## Task item
Copy out every line of the data exactly; do not include the images.

Top of Input data

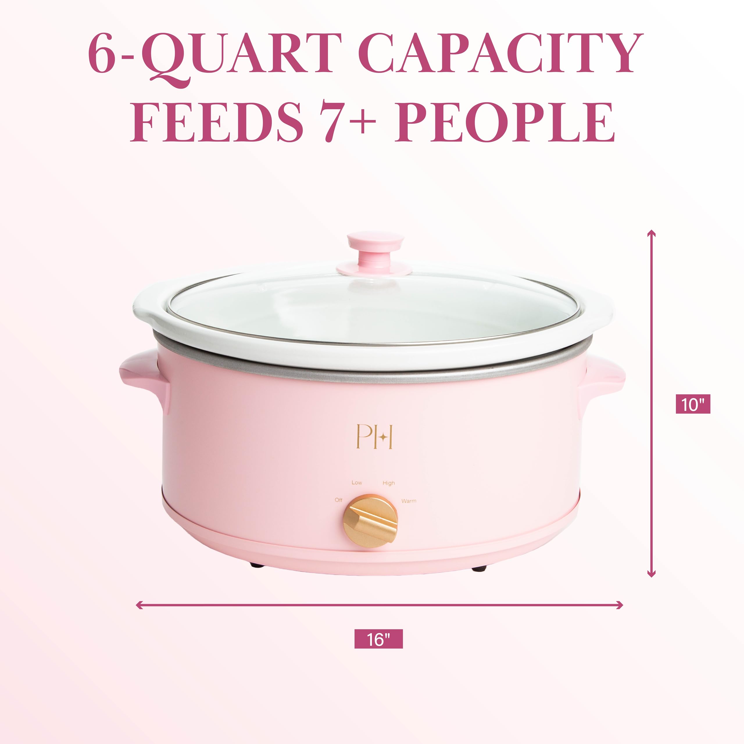 Paris Hilton 6-Quart Manual Slow Cooker, Features Three Settings (Low, High, Warm), Naturally Nonstick and Dishwasher Safe Stoneware Insert, Family Sized Capacity, Pink
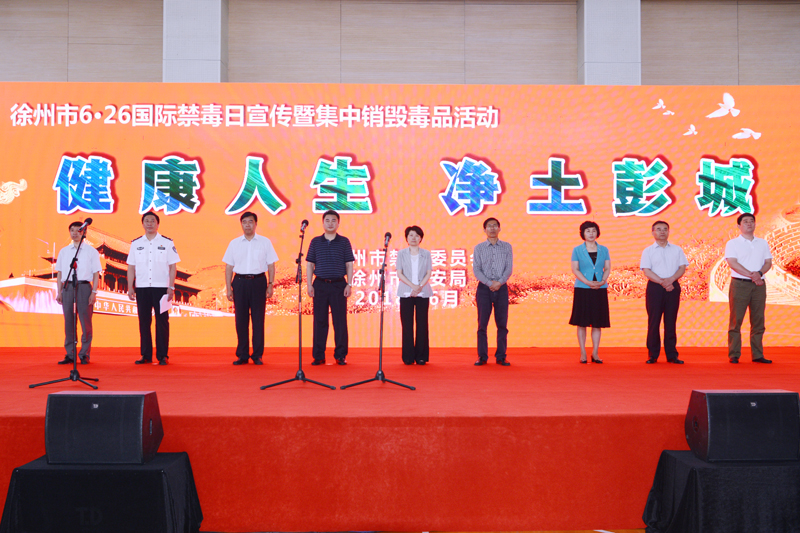 6月22日上午,徐州市“6.26”国际禁毒日集中宣传教育活动在我校体育馆举行。本次活动以“健康人生,净土彭城”为主题,采取主会场加毒品销毁地视频连线直播方式进行。徐州市委常委、政法委书记、市禁毒委主任韩冬梅,市人大常委会副主任李君超,副市长、公安局长、市禁毒委第一副主任王文生,市政协副主席张耀环,我校党委书记孙进,市禁毒委副主任、禁毒办主任、市公安局副局长周涛出席活动。周涛主持活动。
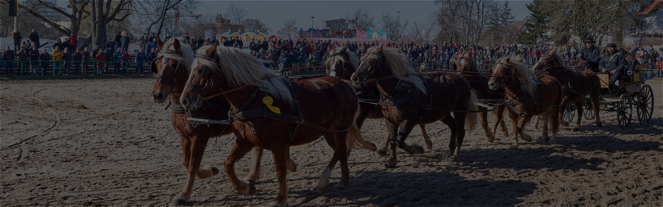 Neben zahlreichen Pferden nehmen auch einige Kutschen am Festumzug teil und fahren die Ehrengäste des Oberbürgermeisters an die Ehrentribüne.

Bottom of Input data

## Problem solution
 Paris Hilton 6-Quart Manual Slow Cooker, Features Three Settings (Low, High, Warm), Naturally Nonstick and Dishwasher Safe Stoneware Insert, Family Sized Capacity, Pink
 6月22日上午,徐州市“6.26”国际禁毒日集中宣传教育活动在我校体育馆举行。本次活动以“健康人生,净土彭城”为主题,采取主会场加毒品销毁地视频连线直播方式进行。徐州市委常委、政法委书记、市禁毒委主任韩冬梅,市人大常委会副主任李君超,副市长、公安局长、市禁毒委第一副主任王文生,市政协副主席张耀环,我校党委书记孙进,市禁毒委副主任、禁毒办主任、市公安局副局长周涛出席活动。周涛主持活动。
 Neben zahlreichen Pferden nehmen auch einige Kutschen am Festumzug teil und fahren die Ehrengäste des Oberbürgermeisters an die Ehrentribüne.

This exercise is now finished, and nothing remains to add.